Records excerpted from a collection
● ● ● ● ● ● ●
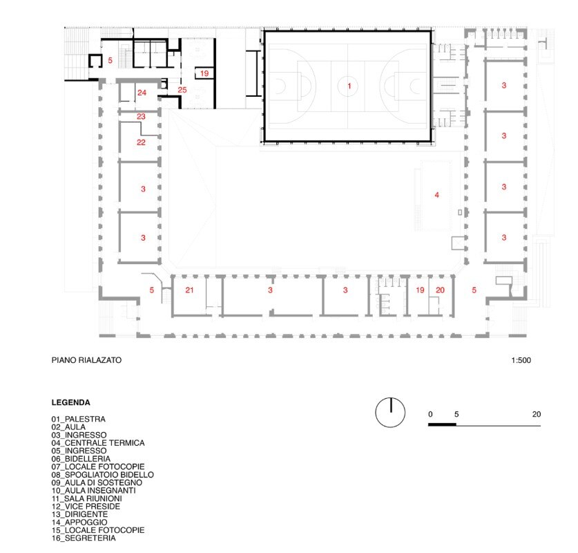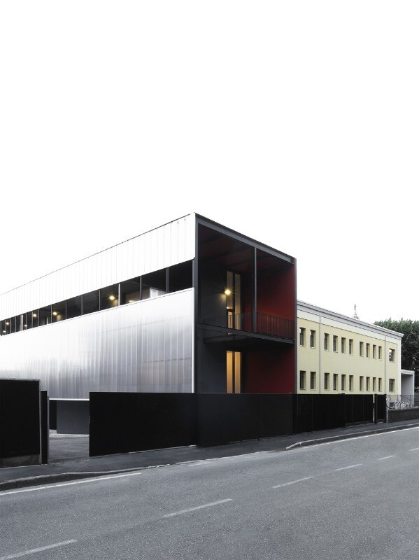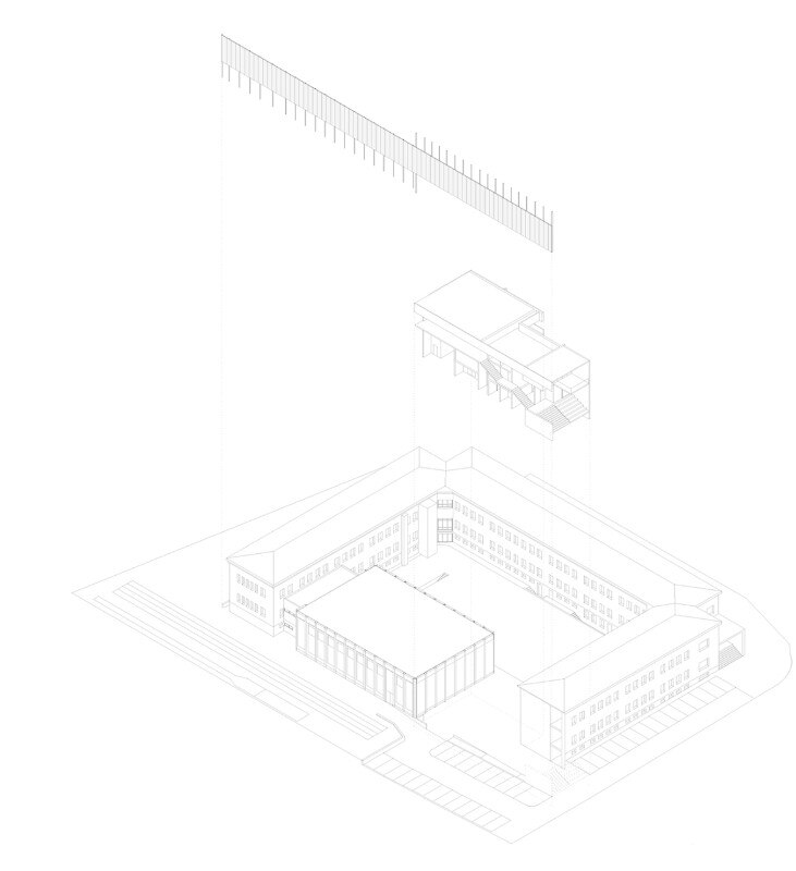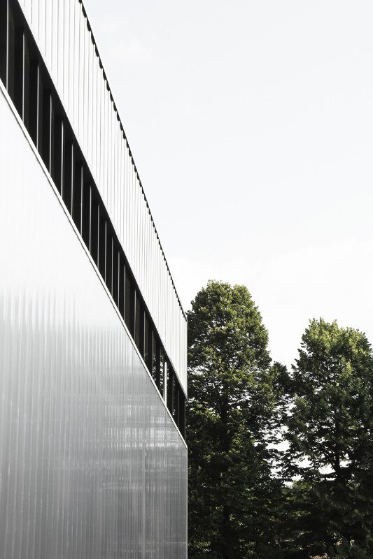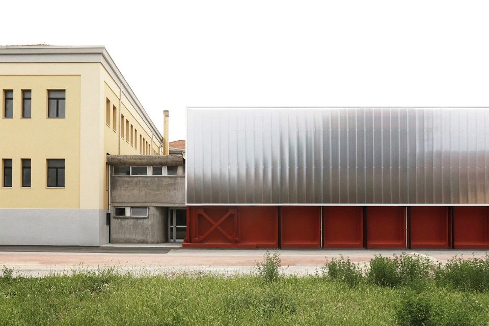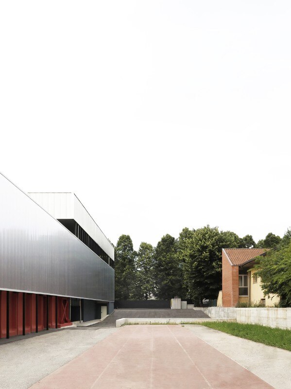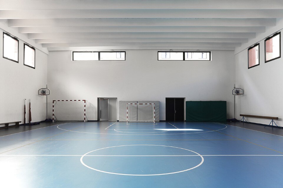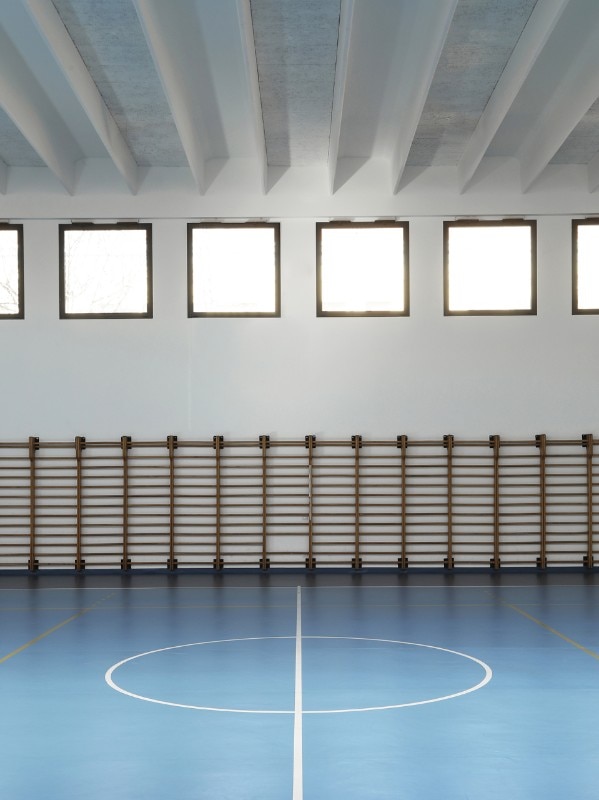 Her addition completes a complex consisting of a U-shaped building built in the 1950s, to which a gymnasium and a small service volume for changing rooms were added twenty years later. The three later additions to the original intervention - all located on the north side of the school - have been unified by a polycarbonate skin, which gives unity to the facade but reveals the differences between the different structures.
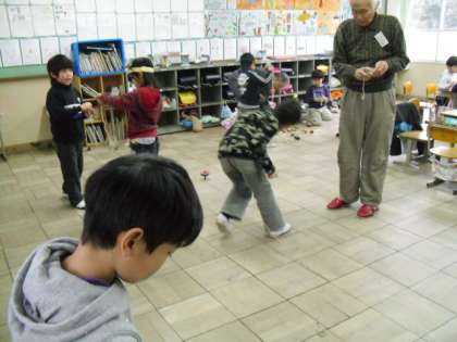 かんぽっくり,あやとり,ヨーヨー,こまを教えてもらっています。
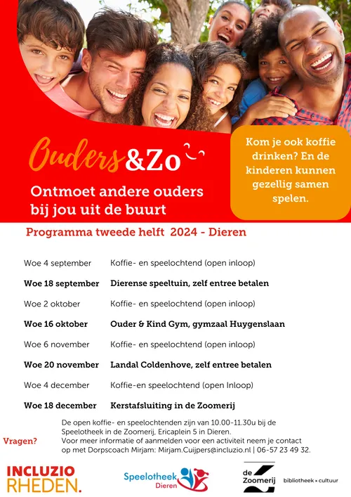 DIEREN - Ouders & zo is een laagdrempelige manier voor ouders om met elkaar in contact te komen en waarbij de kinderen samen kunnen spelen. De 1e woensdag van de maand is een open inloop, de 3e woensdag van de maand is vaak een activiteit.
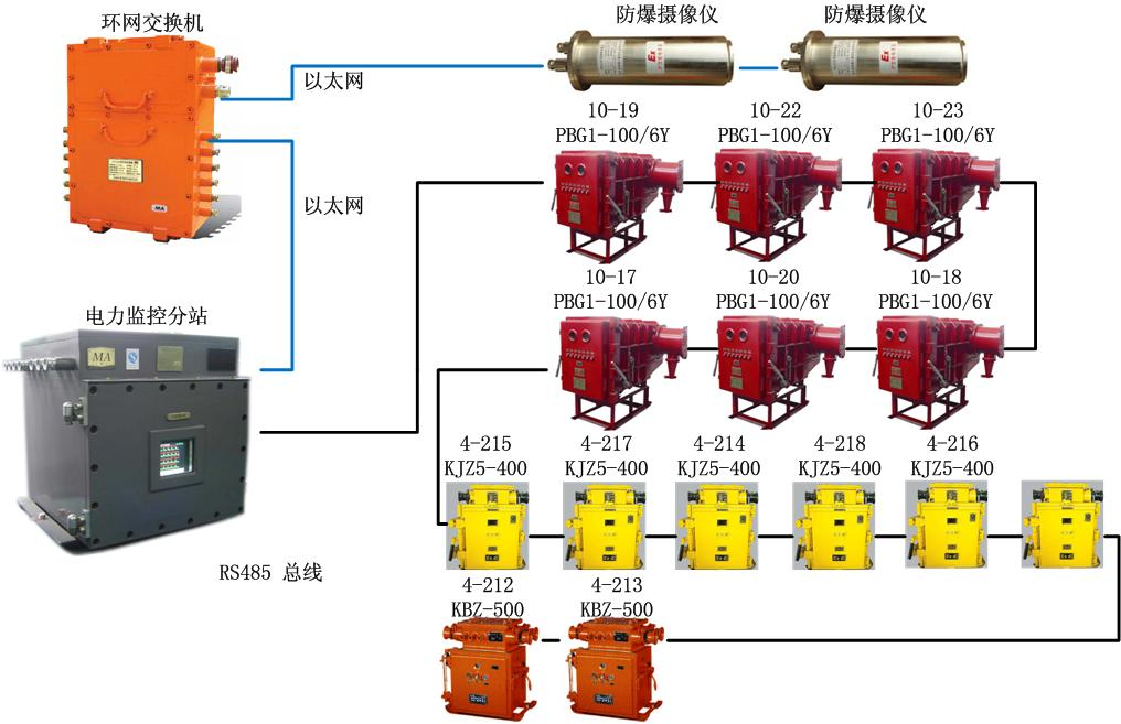 系統采用工業以太網加現場總線的結構模式。主干信道是光纖工業以太網環網到各變電所,為每個變電所設置一臺通訊管理機,監控分站采用RS485現場總線方式與各微機綜合保護裝置或智能采集模塊相連,采集變電所開關設備的運行參數和狀態,實現就地集中數據監測和設備控制的功能。同時通訊管理機對采集到的信息進行處理、轉換,通過以太網環網平臺集中上傳到系統后臺主機。
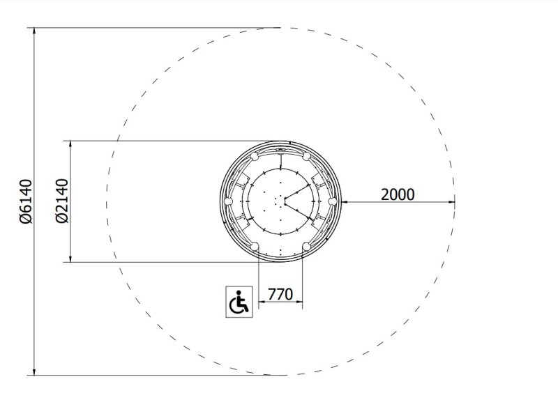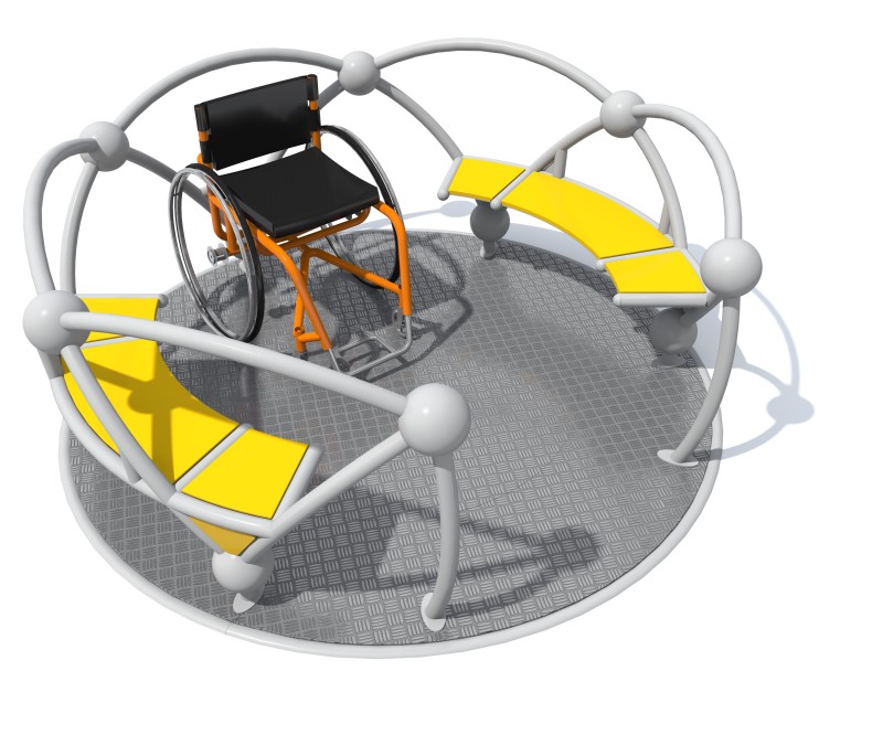 Inkluderende skarusell designet for å romme én person i rullestol og seks personer sittende på benker samtidig. Karusellen er designet med maksimal sikkerhet og komfort i tankene, og betjenes av en person utenfor, noe som sikrer full kontroll over turen. Den moderne designen, som ligner et atom, passer perfekt inn i by- eller parkområder.
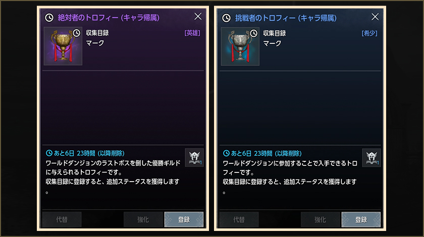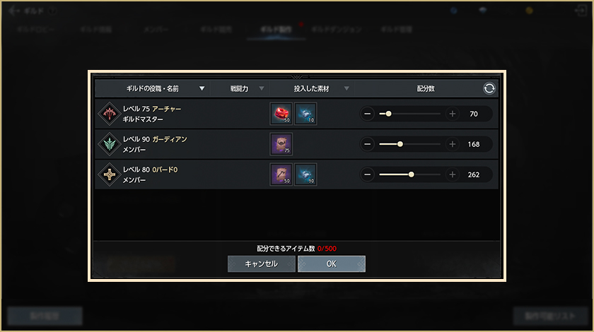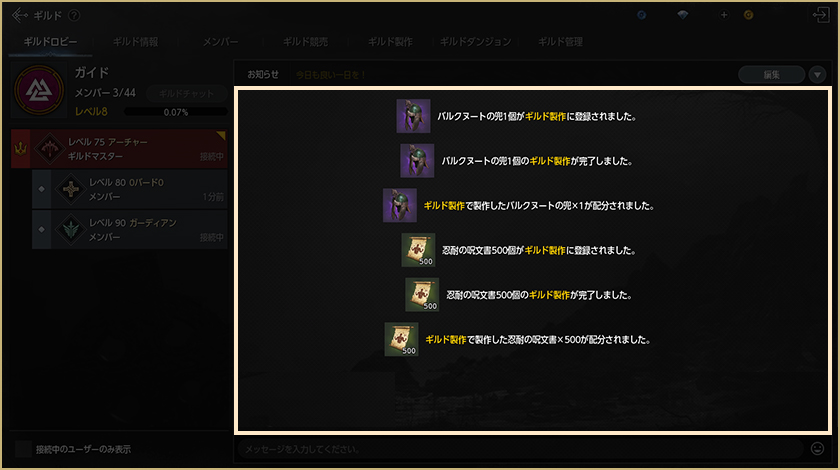 -ギルド単位の報酬は、攻撃隊に加入しているギルドメンバーのみを対象に分配されます。 (特定クラス以上のアイテム)
● ● ● ● ● ● ●
**What you are asked to do**
Each line from the first line of the entries through the line containing "かんぽっくり,あやとり,ヨーヨー,こまを教えてもらっています。" should be duplicated word for word, and nothing more; the pictures stay out.

**Result of the exercise**
 Her addition completes a complex consisting of a U-shaped building built in the 1950s, to which a gymnasium and a small service volume for changing rooms were added twenty years later. The three later additions to the original intervention - all located on the north side of the school - have been unified by a polycarbonate skin, which gives unity to the facade but reveals the differences between the different structures.
 かんぽっくり,あやとり,ヨーヨー,こまを教えてもらっています。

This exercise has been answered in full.